Plasma glucose levels in the fasted group were 37% lower, whereas plasma FFA concentrations were increased 2-fold due to fasting for 48 h (Table 1). The ATP concentration was 33% higher, whereas the glycogen content was 4-fold higher in the LV of the fasted compared with the fed group (Figures 2A-B). The TG content in the LV of hearts from fasted rats was 61% lower compared with the fed group (Figure 2C).

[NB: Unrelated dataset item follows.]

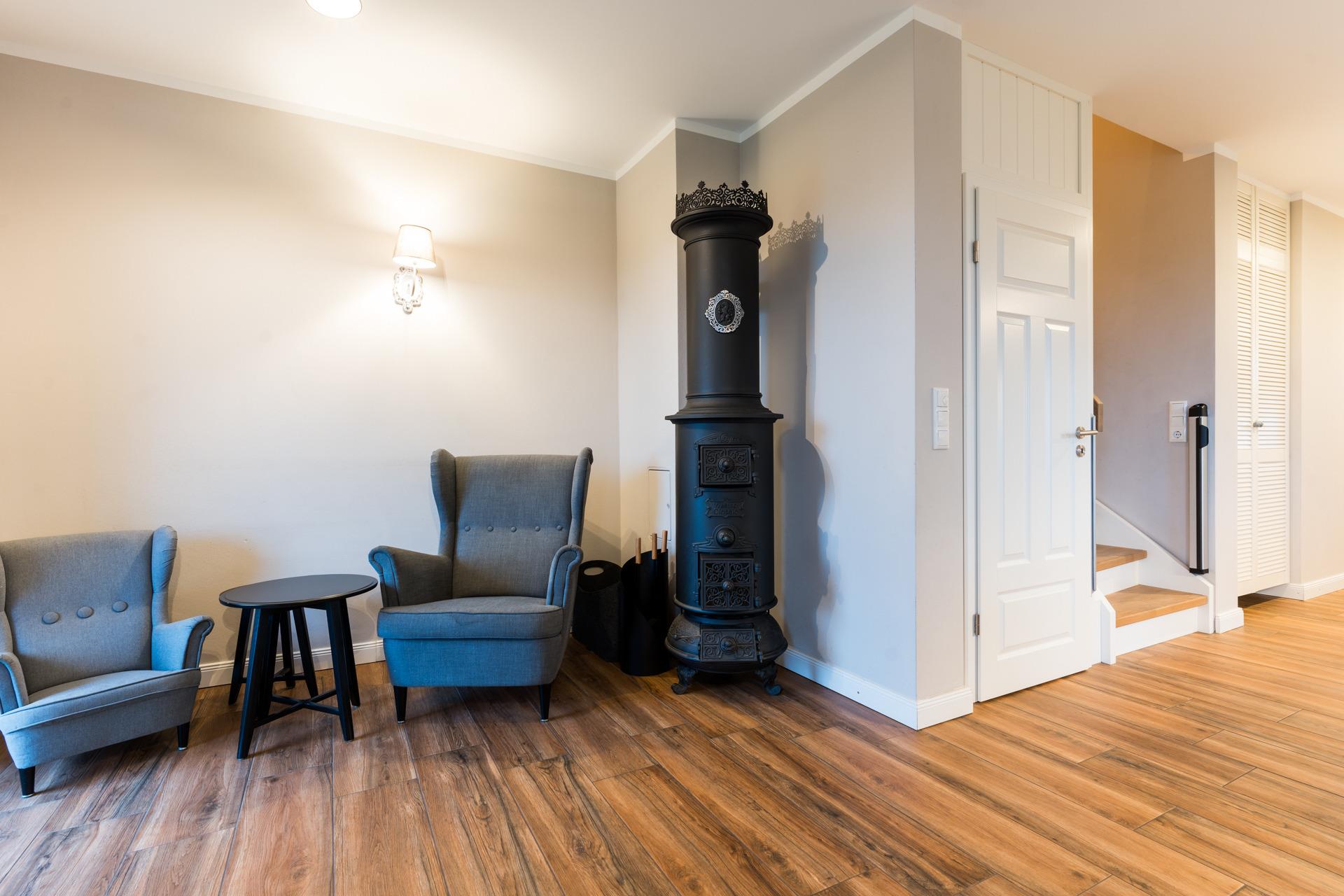 Im großzügigen Wohn-Esszimmer mit Kaminofen erwarten Sie ein Flachbid-TV mit DVD-Player, ein Radio und ein CD-Player.

Figure 2. Contents of ATP (A), glycogen (B), and TG (C) in the left ventricle before infarct induction. The following groups were studied: Fed ad libitum (Fed) and 48 h fasted (Fasted). Values are expressed as mean ± SEM of six animals per group. ^*P < 0.05; ^** P < 0.01 compared with the Fed group.

	Fed	Fasted
Glucose (mg/dL)	113.6 ± 3.26	71.40 ± 3.61**
Free fatty acids (mM)	0.32 ± 0.017	0.62 ± 0.072**

Table 1. Plasma glucose and free fatty acid concentrations in the ad libitum fed (fed) and 48 h fasted (fasted) groups before infarct induction.

Values are expressed as mean ± SEM. ^** P < 0.01 vs the fed group.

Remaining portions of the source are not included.